| PROBLEM TO SOLVE |
A faithful copy is required. Print each line of the data exactly and omit the pictures.

=== DATA EXCERPT ===

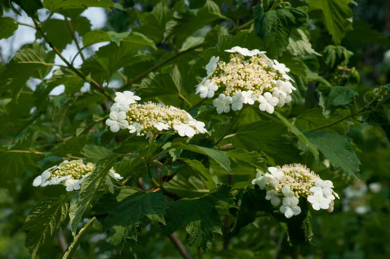 Arbrisseau de 2-4 mètres, à rameaux fragiles, glabres, d’un gris blanchâtre ; feuilles caduques, minces, légèrement pubescentes en dessous, largement ovales, à 3 5 lobes sinués-dentés, aigus ; pétiole allongé, glabre, muni à la base de stipules linéaires ; corymbes assez longuement pédoncules, peu serrés ; fleurs blanches, inodores, les centrales petites et régulières, les extérieures bien plus grandes, rayonnantes, à lobes inégaux, stériles ; baies globuleuses, d’un rouge vif à la maturité.
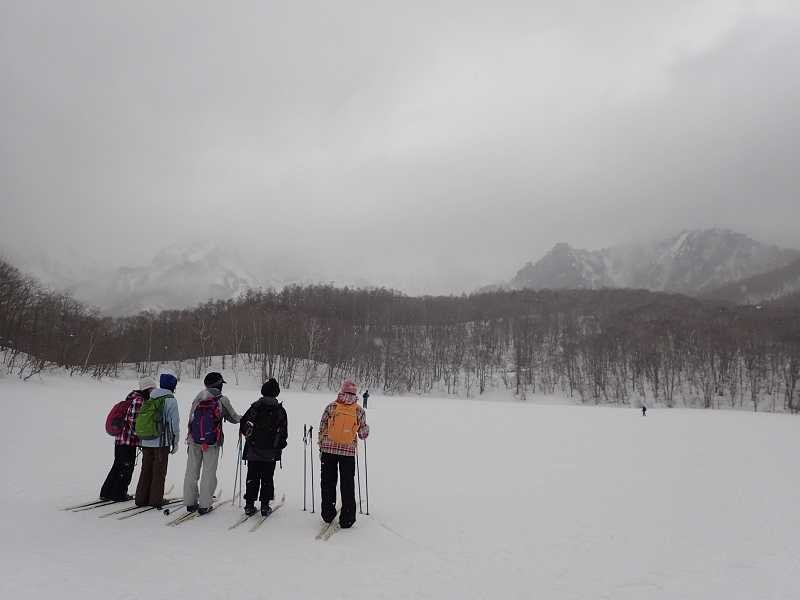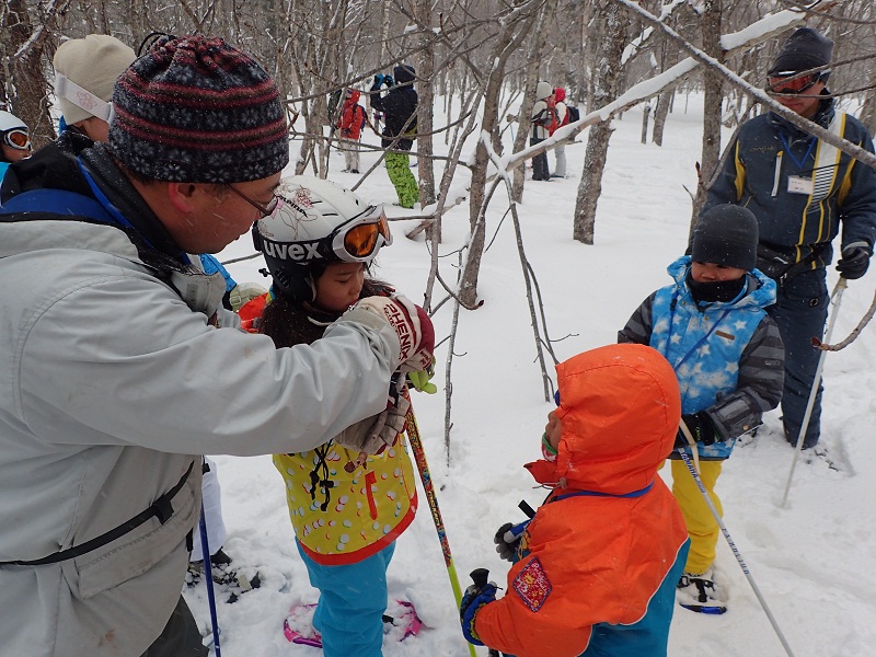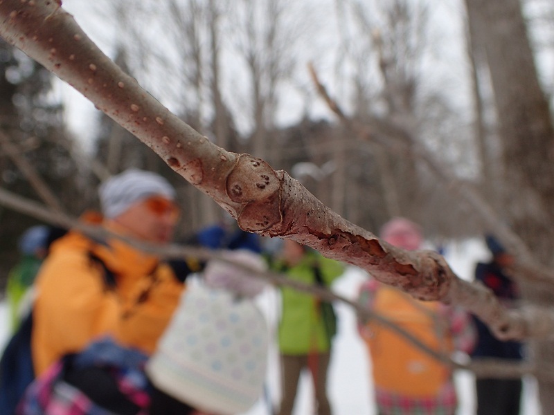 雪上観察会では、スノーシューやクロスカントリースキーを履いて
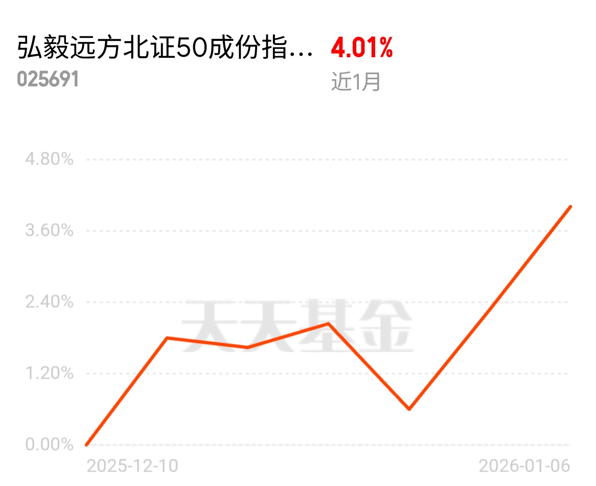 作为一名入市多年的普通投资者,我始终相信“好赛道+好工具+长期坚持”是普通人实现财富稳健增长的核心逻辑。经过大半年的观察与研究,我坚定看好北证50的投资价值,更认定当下正是布局的黄金时机,而我的选择是——定投弘毅远方北证50成份指数C,目前已正式开启定投计划,打算长期坚守这份投资信念。

===

| WRITTEN SOLUTION |
 Arbrisseau de 2-4 mètres, à rameaux fragiles, glabres, d’un gris blanchâtre ; feuilles caduques, minces, légèrement pubescentes en dessous, largement ovales, à 3 5 lobes sinués-dentés, aigus ; pétiole allongé, glabre, muni à la base de stipules linéaires ; corymbes assez longuement pédoncules, peu serrés ; fleurs blanches, inodores, les centrales petites et régulières, les extérieures bien plus grandes, rayonnantes, à lobes inégaux, stériles ; baies globuleuses, d’un rouge vif à la maturité.
 雪上観察会では、スノーシューやクロスカントリースキーを履いて
 作为一名入市多年的普通投资者,我始终相信“好赛道+好工具+长期坚持”是普通人实现财富稳健增长的核心逻辑。经过大半年的观察与研究,我坚定看好北证50的投资价值,更认定当下正是布局的黄金时机,而我的选择是——定投弘毅远方北证50成份指数C,目前已正式开启定投计划,打算长期坚守这份投资信念。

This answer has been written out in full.